Ferreira Cafe

Café Ferreira
1446 rue Peel
Montreal, QC

8 out of 10

Portuguese

Again, I didn't go here to review it, but I wanted to talk about it. This is what I do, talk about food. Periodically I do and talk about other things.

Anyway, we show up a tiny, tiny bit late for a reservation but are very courteously shown to our table in the VERY busy restaurant on a Saturday night. Peel Street is the place to be apparently. Perfect seat across from the open kitchen to watch the show. Our server doesn't appear for 15 minutes. We wait. And watch. Presumably they know we're here since the busboy/runner came around with three Portuguese rolls and some exquisite extra virgin olive oil. The green tinge was beautiful and the taste was very good. No butter here. We're in Portugal.

So when the server finally comes I get scared. She talks really loud and really fast. Mind you, it's busy and it's loud in there, but I feel panicked. Exactly the opposite of the calm professionalism of MAS Cuisine.
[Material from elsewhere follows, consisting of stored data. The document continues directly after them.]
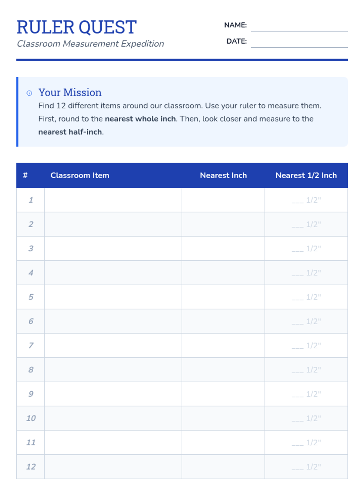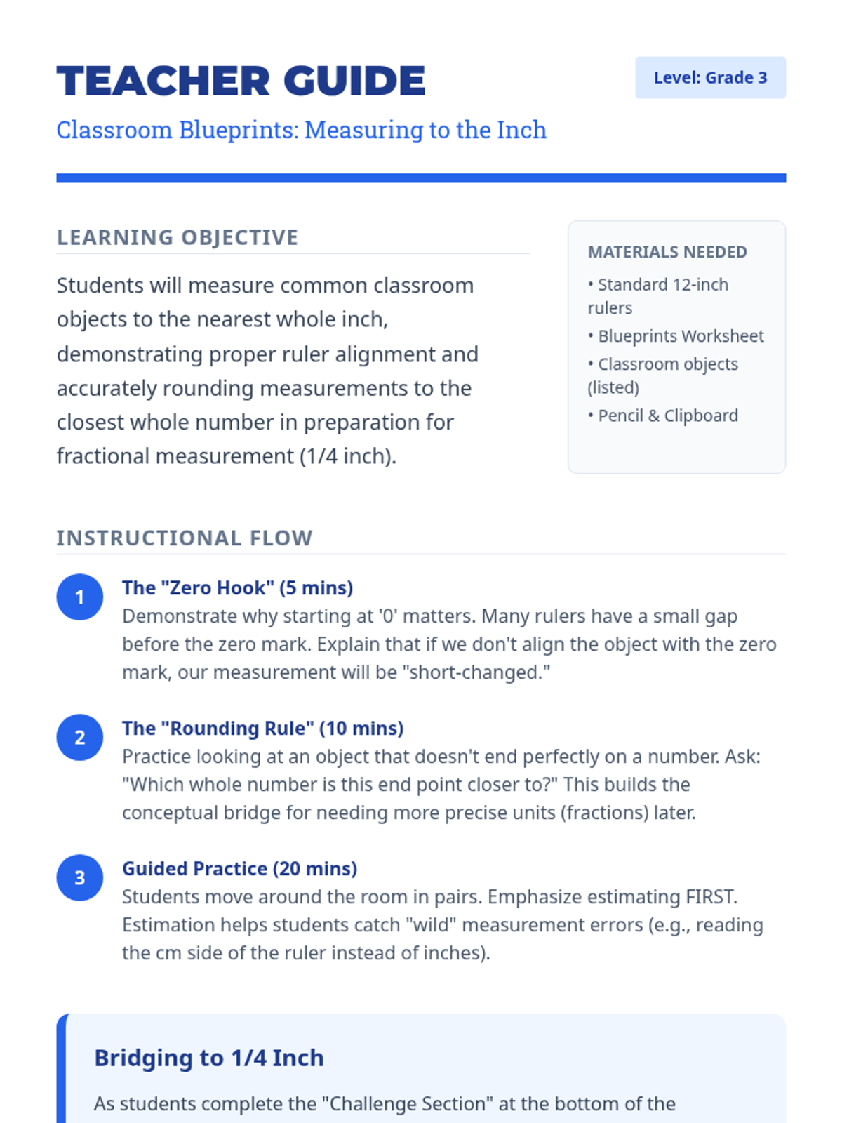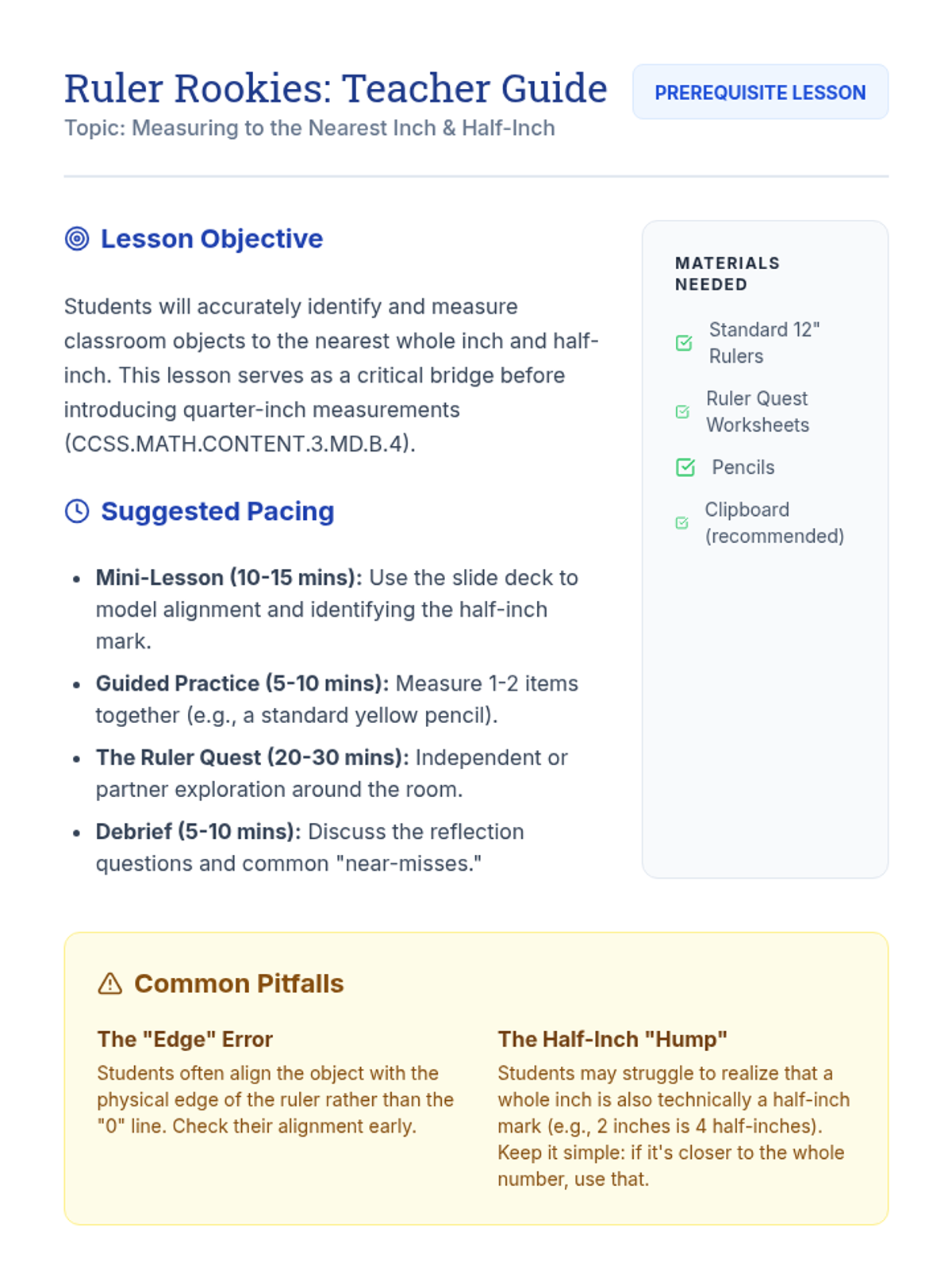 A foundational lesson for 3rd graders to master measuring classroom objects to the nearest inch and half-inch before progressing to quarter-inches.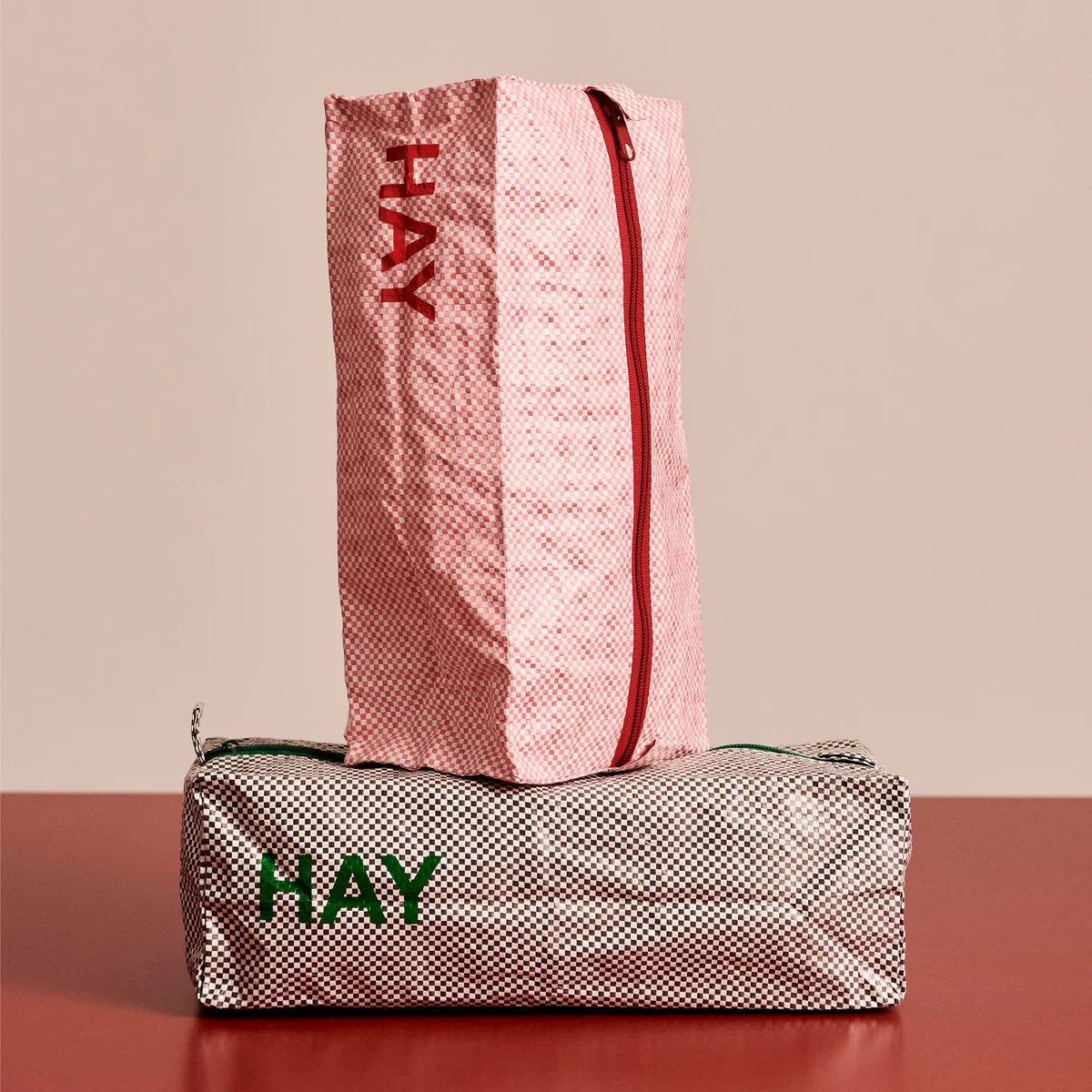 Equipped with a zipper and the striking HAY -logo, the toiletry bag keeps your essentials securely in place - whether at home, on the go or when traveling. Available in three different versions - wash bag, box wash bag and flat wash bag - and each as a set with three different sizes, the wash bag offers Candy Mono maximum flexibility with minimum space requirements.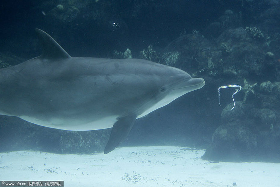 近日,美國奧蘭多海洋世界的一只寬吻海豚吹出“心形”氣泡,似乎要在情人節(jié)來臨前夕傳達濃濃愛意。圖片來源:CFP

We go for the sardines grilled with Maldon salt and a salad of arugula, tomatoes and canteloupe to start. The two glasses of house white are a chardonnay from Chile and a Portuguese vinho verde (I think?) from Douro. The Portuguese was very dry and acidic and the Chardonnay was a little more flavourful and sweet. The dry went well with the sardines, which came with a little ramekin of sundried tomato pesto with olives, and went nicely with the Portuguese bun. The salad was refreshing, and even though the arugula wasn't amazing, and the tomatoes were just good (it's still not tomato season), the melon was perfect, so the sweetness of the fruit and the bitterness of the green was also nice.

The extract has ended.